Berlin (dpa/tmn) - Wer 2011 aus beruflichen Gründen umgezogen ist, kann einen höheren Pauschalbetrag für die «sonstigen Umzugskosten» in der Einkommensteuererklärung geltend machen. Darauf weist der Bund der Steuerzahler hin.

Bei einem Umzug gelte für Verheiratete ein Pauschbetrag von 1279 Euro, für Ledige 640 Euro, erklärt der Bund der Steuerzahler in Berlin. Zogen Kinder oder weitere Familienmitglieder mit um, könnten für diese Personen je 282 Euro angesetzt werden. Fand der Umzug nach dem 1. August 2011 statt, gälten noch höhere Pauschalen.

Statt einer Umzugspauschale könne der Steuerzahler die sonstigen Umzugskosten auch einzeln absetzen. Dafür müsse er allerdings alle Rechnungen aufbewahren und sie beim Finanzamt vorlegen. Weiter könnten auch die Kosten für den Transport der Möbel, die ortsüblichen Aufwendungen für einen Makler, die Kosten für Fahrten zur Wohnungsbesichtigung, Nachhilfeunterricht für Kinder aufgrund des Schulwechsels sowie doppelte Mietzahlungen abgesetzt werden. Gerade letztere sind nach einem Urteil des Bundesfinanzhofs in voller Höhe als Werbungskosten abziehbar, wenn der Umzug beruflich veranlasst ist (Aktenzeichen: VI R 2/11).

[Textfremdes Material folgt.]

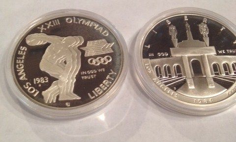 TWO LOS ANGELES OLYMPIC 90% SILVER COMMEORATIVE DOLLARS

Dies sei dann der Fall, wenn sich die Fahrtzeit zwischen Wohnung und Arbeitsstätte um mindestens eine Stunde reduziere. War der Umzug nicht berufsbedingt, können die Arbeitskosten der Umzugsspedition in Höhe von 20 Prozent von maximal 20 000 Euro als haushaltsnahe Dienstleistung steuerlich abgezogen werden. Dafür müsse das Umzugsunternehmen eine ordnungsgemäße Rechnung ausstellen, die nicht bar bezahlt werden solle. Für die steuerliche Absetzbarkeit müsse ein Überweisungsbeleg vorliegen, so der Bund der Steuerzahler.